§ **TASK DETAILS**:
Please reproduce all of the listing below exactly and drop its images.

§ **SUPPLIED DATA**:
>>>
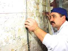 3.4 Устр-во маяков: Маяки устанавливаются для точного оштукатуривания стен. Можно применить имеющиеся в продаже специальные Т-образные профили, бруски или же установить гипсовые (из раствора) маяки. Маяки-лузги устрою следующим образом. Поверхности стен провешу, причем первые гвозди в углах набью с отступом от лузг на 2-3 см. На эти гвозди намажу раствор для марок, приставлю к маркам правило, и на него наброшу раствор. После схватывания раствора правило сниму, и в углах останутся два маяка, образующие точный ровный лузг. 3.5. Приготовление р-ра для оштуатуривания пов-ти: Приготовлю р-р в требуемых по конструкции пропорциях. Строительную смесь буду перемешивать в течении 5 минут, потом повторно перемешаю р-р перфоратором с максимальной частотой вращения - 600 об/мин. После чего раствор будет готов к применению 3.6 Нанесение и выравнивание раствора. Заглаживание пов-ти Между маяками набрызгом, с помошью штукатурной лопатки, нанесу штукатурный раствор - KNAUF Грюнбанд. Выравню его по двум маякам, движениями вверх-вниз при помощи правила, излишки снятые правилом сброшу обратно в ёмкость с раствором. После начала затвердевания раствора (приблизительно через пять часов), пов-ть затеру обильно смоченной губчатой тёркой, заглажу широким шпателем (350 мм). Эту операцию проделаю на всей пов-ти стены. Как только раствор схватится, верх бугорков срежу до уровня шляпок гвоздей, придавая маркам ровную поверхность. Боковые стороны срежу с четырех сторон, образуя квадрат со сторонами 3х3 или 4х4 см. Чем точнее устроены марки, тем точнее будут маяки, и наоборот. Когда все гипсовые маяки будут сняты, очищу пов-ть от пыли и грязи с помощью макловицы. Хорошо смочу кистью отбитые места и штукатурку рядом с отбитыми местами. Набрызгом с помощью штукатурной лопатки нанесу штукатурный раствор в вырубленные места. Нанесённый раствор хорошо притеру к пов-ти при помощи тёрки. После того, как штукатурка начала затвердевать, поверхность затеру обильно смоченной губчатой тёркой, после этого заглажу широким шпателем. Сразу же после окончания работы мою рабочие инструменты и оборудования. 3.7. Требования к качеству штукатурных работ: Точность выполнения различной штукатурки должна отвечать требованиям СНиП, которыми также обусловлена и толщина штукатурки. Толщина штукатурки должна отвечать следующим данным: Простая - до 12 мм. Улучшенная - до 15 мм. Высококачественная - до 20 мм. При приёмочном контроле производится проверка качества готовой оштукатуренной пов-ти. На готовой пов-ти должны отсутствовать трещины, следы от затирочного инструмента, наплывы раствора, пятна, раковины и т. п. При приёмочном контроле проверяется: · Прочность сцепления штукатурки с основанием оштукатуриваемых стен; · Отклонения оштукатуренной пов-ти от вертикали и горизонтали; · Отклонения радиуса криволинейной пов-ти; · Отклонения ширины откосов от проектной.
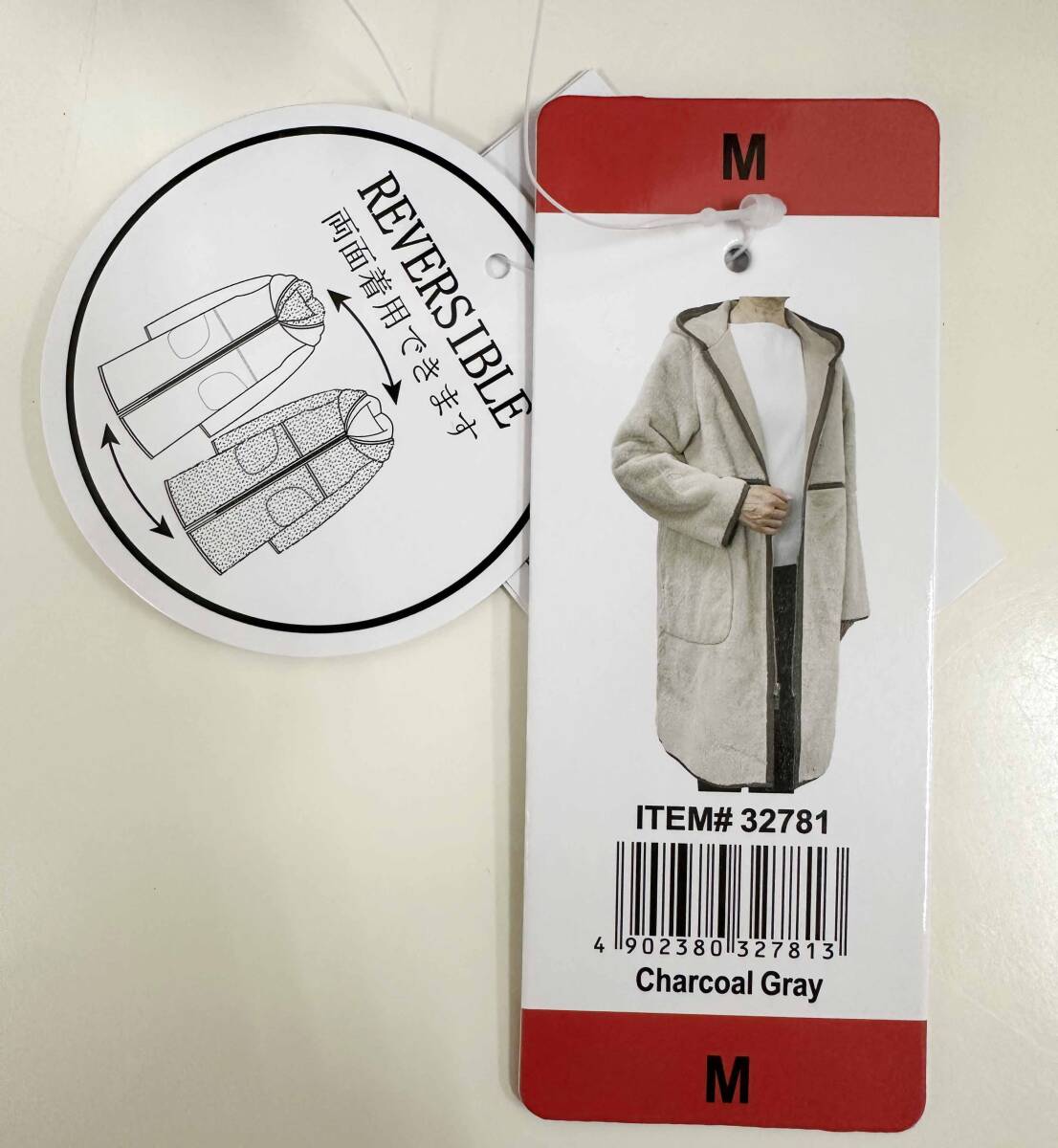 新品 M ★ コストコ REI RISEE レディース リバーシブル エコムートン コート フード付き グレー
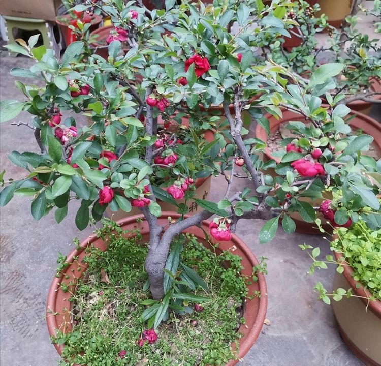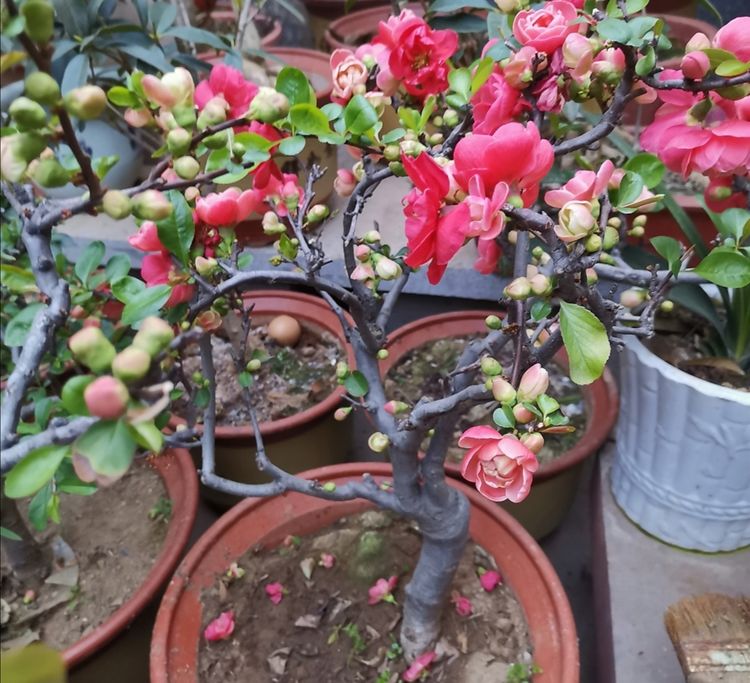 贴梗海棠是开花非常漂亮的花卉,而且养护起来也简单,很多花友还会把它制作成漂亮美观的盆景,到了花期开花能与梅花相比美。
<<<
§ **SOLVED EXERCISE**:
 3.4 Устр-во маяков: Маяки устанавливаются для точного оштукатуривания стен. Можно применить имеющиеся в продаже специальные Т-образные профили, бруски или же установить гипсовые (из раствора) маяки. Маяки-лузги устрою следующим образом. Поверхности стен провешу, причем первые гвозди в углах набью с отступом от лузг на 2-3 см. На эти гвозди намажу раствор для марок, приставлю к маркам правило, и на него наброшу раствор. После схватывания раствора правило сниму, и в углах останутся два маяка, образующие точный ровный лузг. 3.5. Приготовление р-ра для оштуатуривания пов-ти: Приготовлю р-р в требуемых по конструкции пропорциях. Строительную смесь буду перемешивать в течении 5 минут, потом повторно перемешаю р-р перфоратором с максимальной частотой вращения - 600 об/мин. После чего раствор будет готов к применению 3.6 Нанесение и выравнивание раствора. Заглаживание пов-ти Между маяками набрызгом, с помошью штукатурной лопатки, нанесу штукатурный раствор - KNAUF Грюнбанд. Выравню его по двум маякам, движениями вверх-вниз при помощи правила, излишки снятые правилом сброшу обратно в ёмкость с раствором. После начала затвердевания раствора (приблизительно через пять часов), пов-ть затеру обильно смоченной губчатой тёркой, заглажу широким шпателем (350 мм). Эту операцию проделаю на всей пов-ти стены. Как только раствор схватится, верх бугорков срежу до уровня шляпок гвоздей, придавая маркам ровную поверхность. Боковые стороны срежу с четырех сторон, образуя квадрат со сторонами 3х3 или 4х4 см. Чем точнее устроены марки, тем точнее будут маяки, и наоборот. Когда все гипсовые маяки будут сняты, очищу пов-ть от пыли и грязи с помощью макловицы. Хорошо смочу кистью отбитые места и штукатурку рядом с отбитыми местами. Набрызгом с помощью штукатурной лопатки нанесу штукатурный раствор в вырубленные места. Нанесённый раствор хорошо притеру к пов-ти при помощи тёрки. После того, как штукатурка начала затвердевать, поверхность затеру обильно смоченной губчатой тёркой, после этого заглажу широким шпателем. Сразу же после окончания работы мою рабочие инструменты и оборудования. 3.7. Требования к качеству штукатурных работ: Точность выполнения различной штукатурки должна отвечать требованиям СНиП, которыми также обусловлена и толщина штукатурки. Толщина штукатурки должна отвечать следующим данным: Простая - до 12 мм. Улучшенная - до 15 мм. Высококачественная - до 20 мм. При приёмочном контроле производится проверка качества готовой оштукатуренной пов-ти. На готовой пов-ти должны отсутствовать трещины, следы от затирочного инструмента, наплывы раствора, пятна, раковины и т. п. При приёмочном контроле проверяется: · Прочность сцепления штукатурки с основанием оштукатуриваемых стен; · Отклонения оштукатуренной пов-ти от вертикали и горизонтали; · Отклонения радиуса криволинейной пов-ти; · Отклонения ширины откосов от проектной.
 新品 M ★ コストコ REI RISEE レディース リバーシブル エコムートン コート フード付き グレー
 贴梗海棠是开花非常漂亮的花卉,而且养护起来也简单,很多花友还会把它制作成漂亮美观的盆景,到了花期开花能与梅花相比美。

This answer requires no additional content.